2. We breathe deeply
3. We laugh
4. We play
There is no typical length to a laughter session. Some last 10 minutes
due to time constraints. Some last 45 minutes or more. Our personal experience
is that 30 minutes for the main part of the session (standing up) is a
good duration for healthy adults (less for seniors).
The pace and content of any session is adapted to suit the needs and
requirements of the group participating. Gentle physical movements are
sometimes built in.
If time and location allow, the last part of a laughter yoga session
is called "laughter meditation" and usually lasts about 5 to
10 minutes. This is where the group members sit on the floor (or on a
chair if the latter is not possible) in silence for a few minutes, and
simulate laughing one last time until a deep and natural laughter starts
flowing like a fountain (seeing is believing!). No words are spoken. Sitting
allows the diaphragm to relax as the muscles of the lower body relax their
grip on to it and makes this process extremely easy (the diaphragm is
the muscle you use to laugh - the looser it is, the more you will laugh).

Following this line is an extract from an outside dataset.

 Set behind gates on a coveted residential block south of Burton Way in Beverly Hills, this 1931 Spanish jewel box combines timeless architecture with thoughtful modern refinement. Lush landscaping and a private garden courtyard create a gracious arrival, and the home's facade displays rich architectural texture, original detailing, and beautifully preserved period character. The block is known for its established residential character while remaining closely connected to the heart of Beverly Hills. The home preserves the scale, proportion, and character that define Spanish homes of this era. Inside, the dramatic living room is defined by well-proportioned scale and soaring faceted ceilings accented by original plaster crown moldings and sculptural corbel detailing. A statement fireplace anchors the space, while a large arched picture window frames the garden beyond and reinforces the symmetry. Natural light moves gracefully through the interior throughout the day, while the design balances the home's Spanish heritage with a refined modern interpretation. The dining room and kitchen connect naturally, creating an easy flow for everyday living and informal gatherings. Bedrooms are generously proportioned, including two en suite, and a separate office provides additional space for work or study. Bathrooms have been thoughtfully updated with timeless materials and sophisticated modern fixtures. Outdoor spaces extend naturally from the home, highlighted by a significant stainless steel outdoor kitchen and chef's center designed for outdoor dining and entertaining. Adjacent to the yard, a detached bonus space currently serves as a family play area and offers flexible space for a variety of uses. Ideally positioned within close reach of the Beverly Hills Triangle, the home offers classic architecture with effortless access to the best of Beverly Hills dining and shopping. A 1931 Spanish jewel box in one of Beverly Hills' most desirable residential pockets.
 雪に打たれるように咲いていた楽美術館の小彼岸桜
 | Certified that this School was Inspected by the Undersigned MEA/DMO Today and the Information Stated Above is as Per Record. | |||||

1. Clap in rhythm while chanting
"ho ho, ha ha ha"
This is different from regular clapping. Here you keep your palms in
front of you facing one another, and aim to have full contact - fingers
hit opposite fingers. This warm-up exercise stimulates acupressure points
on the palms and improves blood circulation in the whole body. It helps
to bring about a sense of well-being and builds energy levels.
Basic Movement
Chant Ho Ho, Ha Ha Ha in rhythm as you clap (slow slow, fast fast fast),
swinging your hands back and forth from left to right. Let the sound
seemingly come from the navel, so as to feel the movement of abdominal
muscles.
Put on a smile while chanting Ho Ho Ha Ha Ha, keep moving and meeting
different people and maintain eye contact. Smooth movements and enthusiastic
clapping will help to build up good energy levels.
Variations
Chant Ho-Ho, Ha-Ha-Ha while rhythmically clapping your hands to someone
else's hands. It is a safe and fun way to “break the ice”.

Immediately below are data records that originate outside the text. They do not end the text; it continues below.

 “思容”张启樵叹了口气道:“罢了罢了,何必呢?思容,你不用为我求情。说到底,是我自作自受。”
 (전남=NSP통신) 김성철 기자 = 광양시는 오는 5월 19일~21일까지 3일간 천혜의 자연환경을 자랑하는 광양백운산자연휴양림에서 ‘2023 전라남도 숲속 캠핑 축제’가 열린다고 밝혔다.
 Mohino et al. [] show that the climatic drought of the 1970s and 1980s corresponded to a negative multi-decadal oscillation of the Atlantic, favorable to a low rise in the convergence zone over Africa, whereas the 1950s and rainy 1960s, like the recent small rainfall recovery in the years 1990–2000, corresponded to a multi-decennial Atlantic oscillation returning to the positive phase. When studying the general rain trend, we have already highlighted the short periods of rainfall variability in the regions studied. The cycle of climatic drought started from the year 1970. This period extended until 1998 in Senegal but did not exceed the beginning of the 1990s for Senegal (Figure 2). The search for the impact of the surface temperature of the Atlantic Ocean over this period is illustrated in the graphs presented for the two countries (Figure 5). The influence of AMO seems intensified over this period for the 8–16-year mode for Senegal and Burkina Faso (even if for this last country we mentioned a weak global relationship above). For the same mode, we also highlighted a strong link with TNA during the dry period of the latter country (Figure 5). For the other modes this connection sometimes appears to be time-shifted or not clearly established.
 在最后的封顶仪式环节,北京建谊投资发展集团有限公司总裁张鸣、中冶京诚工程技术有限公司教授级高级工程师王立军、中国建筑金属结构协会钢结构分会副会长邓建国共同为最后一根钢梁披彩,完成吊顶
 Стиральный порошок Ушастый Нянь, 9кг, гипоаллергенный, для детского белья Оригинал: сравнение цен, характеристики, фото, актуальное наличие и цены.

A common way to do this would be to face a person, look him or her in
the eye, clap 1-2 (ho ho) each on your own, and then 1-2-3 (ha ha ha)

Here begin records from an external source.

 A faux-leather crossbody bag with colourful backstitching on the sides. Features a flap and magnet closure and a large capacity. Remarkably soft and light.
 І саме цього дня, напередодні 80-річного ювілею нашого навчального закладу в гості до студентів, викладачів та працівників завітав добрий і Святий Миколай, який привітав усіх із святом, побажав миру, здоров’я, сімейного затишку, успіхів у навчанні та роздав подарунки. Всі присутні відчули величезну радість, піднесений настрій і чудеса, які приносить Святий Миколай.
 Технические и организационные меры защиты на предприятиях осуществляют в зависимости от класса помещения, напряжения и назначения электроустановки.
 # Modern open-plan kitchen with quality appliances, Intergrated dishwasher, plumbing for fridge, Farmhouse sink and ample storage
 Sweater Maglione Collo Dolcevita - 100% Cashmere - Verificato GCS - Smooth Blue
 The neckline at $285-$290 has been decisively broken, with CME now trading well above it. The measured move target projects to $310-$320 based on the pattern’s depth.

together. Seniors and people with poor coordination may find this rhythm
difficult. If so, reverse it: first you clap together 1-2 (ho ho) and
then on your own 1-2-3 (ha ha ha).
Clap your hands 1-2 (ho ho) and then tap your chest (or abdomen, or
thigh) 1-2-3 (ha ha ha). You can of course try the same thing in the
reverse order (chest first 1-2, then hands 1-2-3). In time, play with
this variation by tapping the right side of your body with your left
hand, and the left side of your body with your right hand. Play further
by first tapping your opposite shoulders (ho ho), then your hands twice
(ha ha) then your opposite thighs once (ha). First slow, then faster,
then as fast as you can. This is so playful that it invariably triggers
a lot of laughter.
Clap in your hands 1-2 (ho ho) and then swing your hips from left to
right 1-2-3 (cha cha cha) as if you were dancing the cha cha.
For many more individual and group variations for this first clapping
exercise please refer to "From
Zero To Laughter In 0.5 Seconds".

2. Breathing
This exercise helps to bring about both physical and mental relaxation.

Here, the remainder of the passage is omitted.